Source data
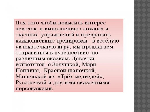 Наглядно-дидактическое пособие предназначено для подготовки артикуляционного аппарата ребенка к формированию звуков среднего и позднего онтогенеза. Для того чтобы повысить интерес девочек к выполнению сложных и рутинных упражнений, превратить каждодневные тренировки в веселое увлекательное путешествие по сказкам, мы предлагаем это пособие. В пособие представлены яркие интересные картинки, сопровождаемые простыми и понятными двустишиями.
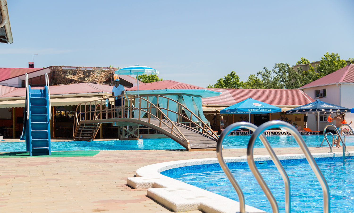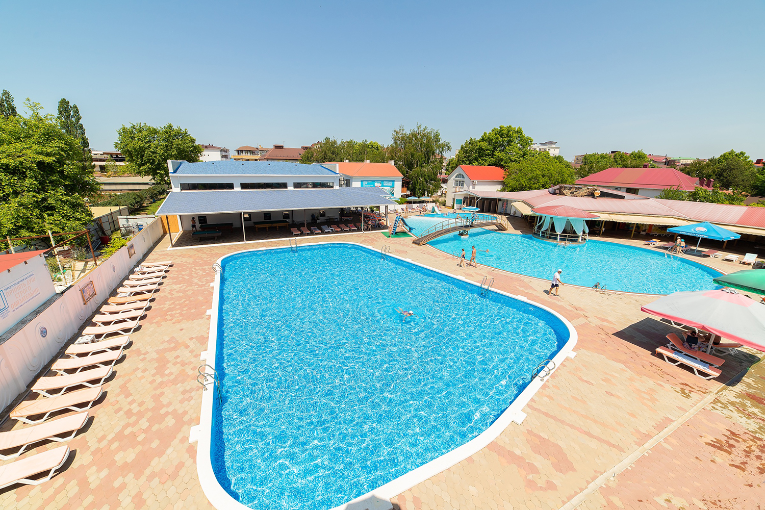 комплекс бассейнов: комплекс из 4 бассейнов с водными горками, бассейн с водными горками 25х13, бассейн 30х17 и 22х13 без подогрева.
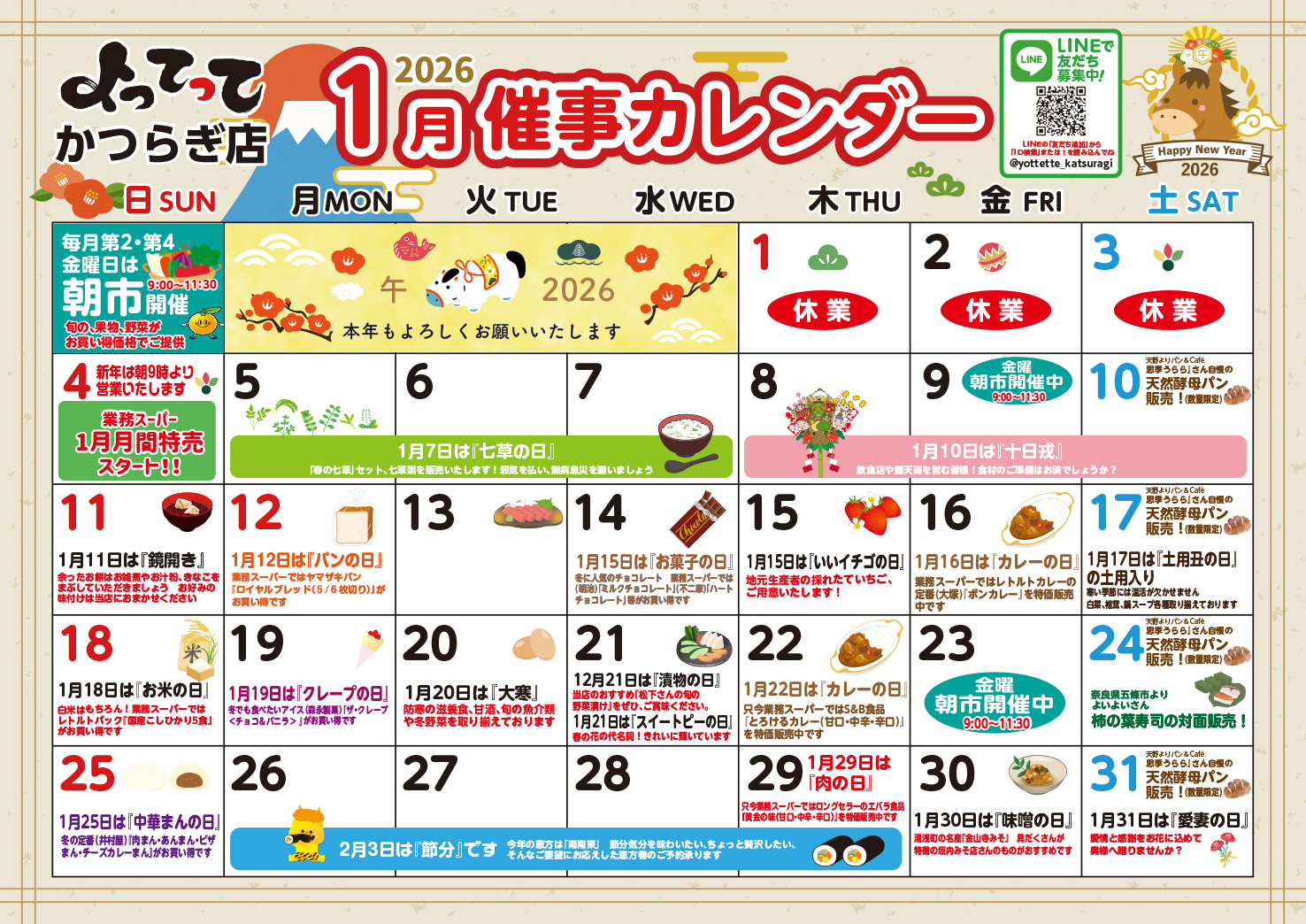 元日、棚卸など不定休

What to produce
The answer must be the full listing, word for word, with no images in it.

Answer for the task
 Наглядно-дидактическое пособие предназначено для подготовки артикуляционного аппарата ребенка к формированию звуков среднего и позднего онтогенеза. Для того чтобы повысить интерес девочек к выполнению сложных и рутинных упражнений, превратить каждодневные тренировки в веселое увлекательное путешествие по сказкам, мы предлагаем это пособие. В пособие представлены яркие интересные картинки, сопровождаемые простыми и понятными двустишиями.
 комплекс бассейнов: комплекс из 4 бассейнов с водными горками, бассейн с водными горками 25х13, бассейн 30х17 и 22х13 без подогрева.
 元日、棚卸など不定休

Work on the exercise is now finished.